**TASK DESCRIPTION**
Among the entries below, the lines from the one with "Kovové zvonečky - 7x11mm, 10ks - stříbrné." up to and including the one with "副校长王舜,有关部门、学院负" are to be restated exactly, without pictures.

**SUPPLIED MATERIAL**
-=-=-=-=-

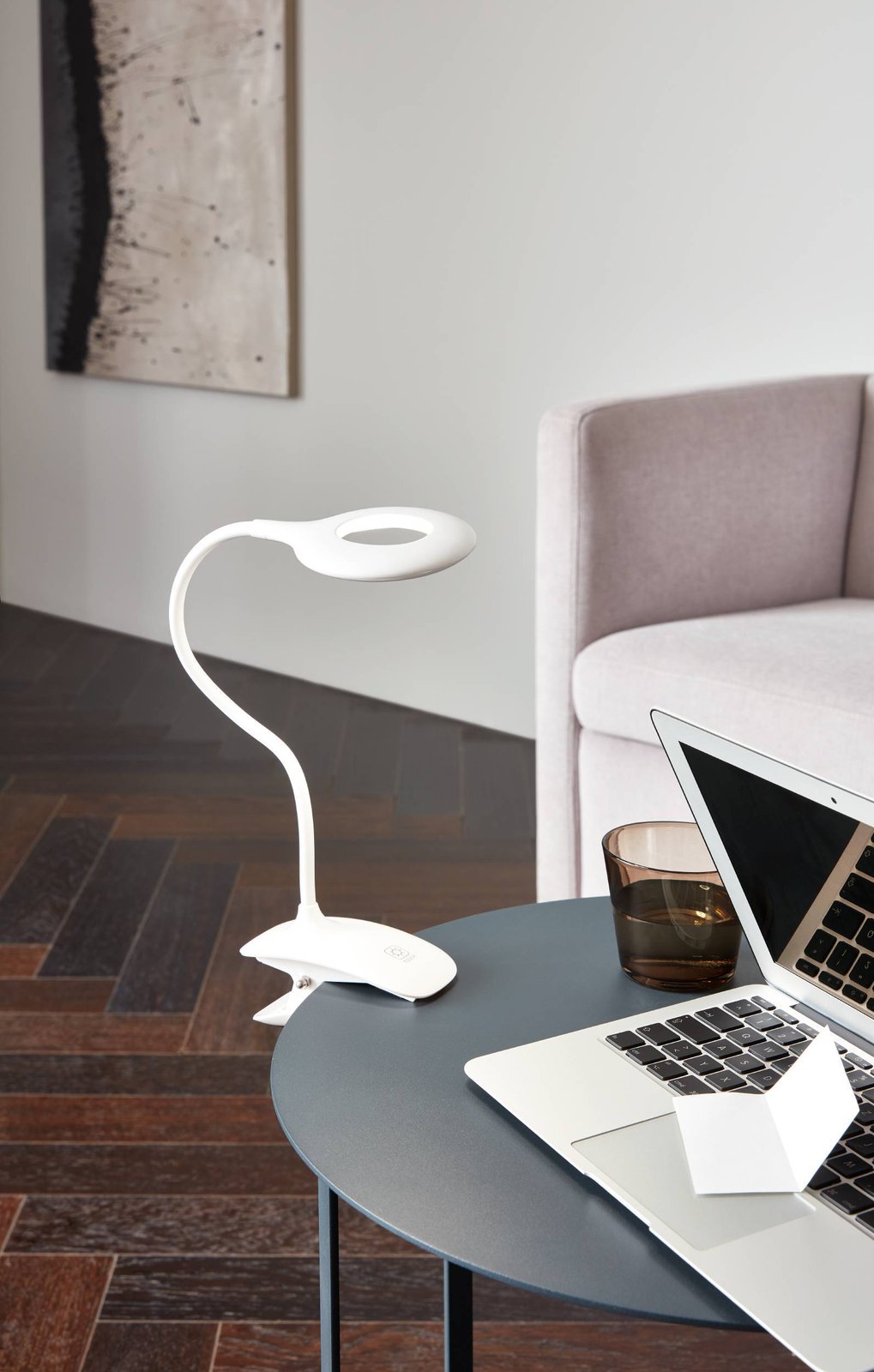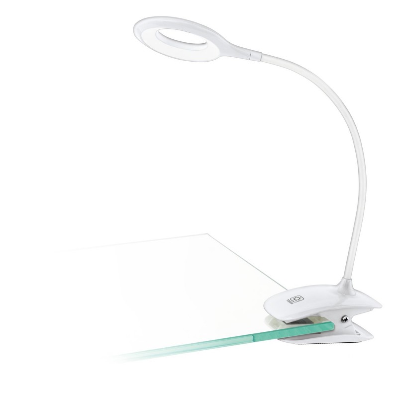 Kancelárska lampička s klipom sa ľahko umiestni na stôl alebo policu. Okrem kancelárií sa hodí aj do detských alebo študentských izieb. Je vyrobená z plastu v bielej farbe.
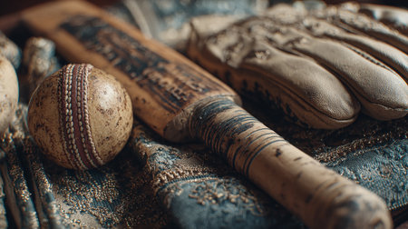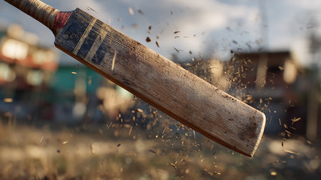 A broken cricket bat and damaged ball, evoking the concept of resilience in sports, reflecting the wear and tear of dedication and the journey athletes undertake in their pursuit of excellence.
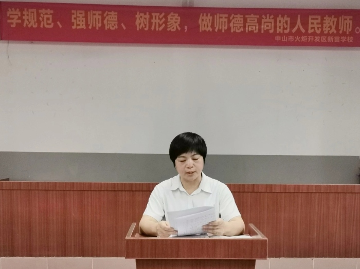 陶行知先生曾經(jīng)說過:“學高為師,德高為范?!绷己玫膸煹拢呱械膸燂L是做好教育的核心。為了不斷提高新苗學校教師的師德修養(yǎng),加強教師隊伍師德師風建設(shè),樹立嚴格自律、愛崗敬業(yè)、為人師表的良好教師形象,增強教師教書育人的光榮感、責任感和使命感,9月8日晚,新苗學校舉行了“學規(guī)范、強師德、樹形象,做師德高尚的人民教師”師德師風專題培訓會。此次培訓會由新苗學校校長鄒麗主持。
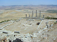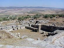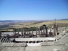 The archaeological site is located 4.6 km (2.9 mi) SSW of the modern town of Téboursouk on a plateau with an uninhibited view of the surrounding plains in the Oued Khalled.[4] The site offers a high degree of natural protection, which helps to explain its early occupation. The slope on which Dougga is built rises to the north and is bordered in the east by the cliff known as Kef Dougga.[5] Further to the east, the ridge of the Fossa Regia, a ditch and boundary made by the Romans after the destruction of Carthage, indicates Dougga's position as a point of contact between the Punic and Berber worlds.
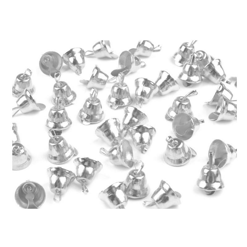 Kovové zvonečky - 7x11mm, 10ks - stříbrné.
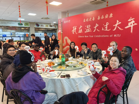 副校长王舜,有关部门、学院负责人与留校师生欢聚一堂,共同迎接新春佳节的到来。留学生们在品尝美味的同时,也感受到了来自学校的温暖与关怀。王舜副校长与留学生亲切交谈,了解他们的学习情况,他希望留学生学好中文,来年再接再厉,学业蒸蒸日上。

-=-=-=-=-

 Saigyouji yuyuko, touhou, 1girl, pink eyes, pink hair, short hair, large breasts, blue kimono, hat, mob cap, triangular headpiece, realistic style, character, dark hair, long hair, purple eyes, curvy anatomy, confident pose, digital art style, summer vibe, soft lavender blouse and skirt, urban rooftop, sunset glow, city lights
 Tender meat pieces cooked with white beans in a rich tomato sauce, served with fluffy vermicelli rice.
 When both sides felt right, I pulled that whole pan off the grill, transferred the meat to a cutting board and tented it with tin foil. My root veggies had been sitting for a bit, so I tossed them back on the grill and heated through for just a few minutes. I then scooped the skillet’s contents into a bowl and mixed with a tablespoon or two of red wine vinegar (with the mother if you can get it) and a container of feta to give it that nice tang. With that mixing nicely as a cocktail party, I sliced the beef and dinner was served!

-=-=-=-=-

**RESPONSE TO THE EXERCISE**
 Kovové zvonečky - 7x11mm, 10ks - stříbrné.
 副校长王舜,有关部门、学院负责人与留校师生欢聚一堂,共同迎接新春佳节的到来。留学生们在品尝美味的同时,也感受到了来自学校的温暖与关怀。王舜副校长与留学生亲切交谈,了解他们的学习情况,他希望留学生学好中文,来年再接再厉,学业蒸蒸日上。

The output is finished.